Given the above parking structure:
- Motorcycle spots: 50 spots/level * 10 levels = 500 spots total.
- Car spots: 150 spots/level * 10 levels = 1500 spots total.
- Truck spots: 20 spots/level * 10 levels = 200 spots total.
This distribution ensures that the system can handle most expected traffic based on the vehicle types.
6. Billing and Payment System (Optional)
If we want to add a billing system, we need to track the time when a vehicle enters and exits the parking lot to calculate the fee.
We can use the following fee structure:
- Motorcycles: ₹10 per hour.
- Cars: ₹20 per hour.
- Trucks: ₹30 per hour.
When a vehicle enters, we store the entry time. When the vehicle exits, we calculate the parking duration and multiply by the rate.
type Ticket struct {
Vehicle Vehicle
EntryTime time.Time
ExitTime time.Time
}
func (t *Ticket) CalculateFee() float64 {
duration := t.ExitTime.Sub(t.EntryTime).Hours()
rate := 0.0
switch t.Vehicle.VehicleType {
case "motorcycle":
rate = 10.0
case "car":
rate = 20.0
case "truck":
rate = 30.0
}
return rate * duration
}
7. Concurrency and Scalability
a) Concurrency Handling
Multiple vehicles can enter/exit simultaneously. Therefore, it is essential to handle concurrency in a thread-safe manner.
- Synchronization: Use mutex locks to ensure that multiple threads don’t update parking spots simultaneously.

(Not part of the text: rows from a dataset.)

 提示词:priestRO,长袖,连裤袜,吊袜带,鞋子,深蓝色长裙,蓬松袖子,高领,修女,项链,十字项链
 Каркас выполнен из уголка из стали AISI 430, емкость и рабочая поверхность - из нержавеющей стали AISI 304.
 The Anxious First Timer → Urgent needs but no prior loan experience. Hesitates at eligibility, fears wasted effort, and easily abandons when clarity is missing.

- Atomic Operations: For spot allocation, ensure the operation of assigning a spot and marking it as occupied is atomic to prevent race conditions.
b) Scaling Horizontally
- For very large parking lots, we can scale horizontally by having multiple
ParkingLot
instances distributed across different geographic locations. Each parking lot instance would manage its own levels and spots.

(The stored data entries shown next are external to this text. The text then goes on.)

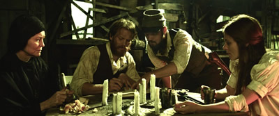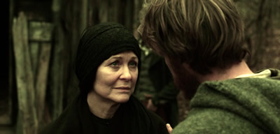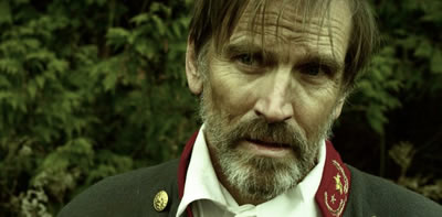 Mark Gibson stars as Edward Young and is a good “younger” version of Brian Cox’s narration. His voice and Cox’s voice mesh well. Gibson handles the material well as he pantomimes his way through the beginning and later interacts with the other cast. He brings the right amount of intensity the role, a driven focus. He’s an interesting protagonist. The rest of cast fares equally as well with each of the main supporting characters well cast. Dee Wallace (E.T., Cujo, The Howling) appears as Eve, a fortune teller who is suspect of being a witch and may hold the keys to surviving the apocalypse. It’s a smaller supporting role, but an important one that her talent and familiar face elevate the role quite a bit. Stephen McHattie (Pontypool, Watchmen, The Tall Man) is a medic, serving under General Williams’ forces, but is given precious little to do missing out on much of the character and charisma the actor could potentially bring to the film. A great deal of energy is brought to Exit Humanity with the casting of genre favorite Bill Moseley as the evil, misguided General Williams. Where every other role is rather subdued and understated, Moseley still manages to instill much of his manic behavior to the role bringing a start contrast to the film. His General Williams stands out even when his character is standing completely still for a photograph. Even then, his energy is bouncing around him making his slightest expression a magnitude of madness. Having Moseley appear about the midway mark is a welcome relief and a clear sign things are going to liven up – which, of course, they most certainly do.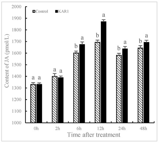Time courses of jasmonic acid level of S. miltiorrhiza hairy root. The roots treated with KAR1 were harvested at determined time points. JA contents of the root were then determined. Data are means of three replicates ± SD. Different letters indicate significantly different values according to one-way ANOVA followed by Tukey’s test (p < 0.05).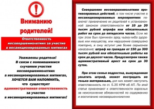 Памятка родителям «Обответственности несовершеннолетних за участие в несанкционированных публичных мероприятиях»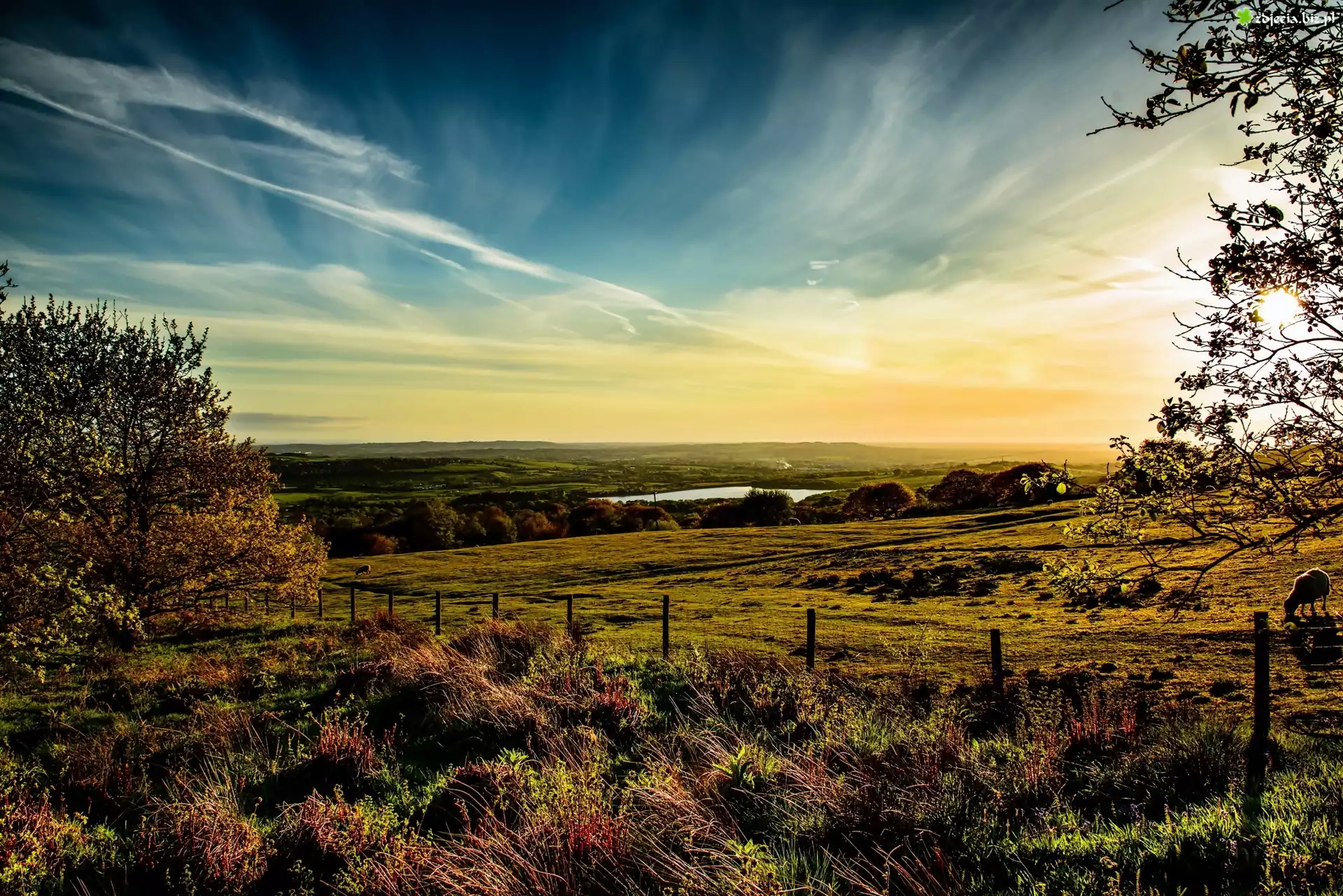 Zdjęcie Pola, Łąki, Drzewa, Jezioro, Chmury

8. Optimizing System Performance
a) Caching
For large-scale parking lots, caching can be employed to store the most frequently used data, like available spots on each level. This reduces the number of database queries and improves the system's responsiveness.
b) Database Partitioning
For large systems, the parking lot data can be partitioned by levels. Each level can be stored in a different partition to balance the load and improve read/write performance.
9. Failure Handling
- Database Failover: Implement database replication to ensure that if the primary database fails, the replica can take over.
- High Availability: Use a load balancer to distribute incoming requests across multiple instances of the system to handle traffic spikes and server failures.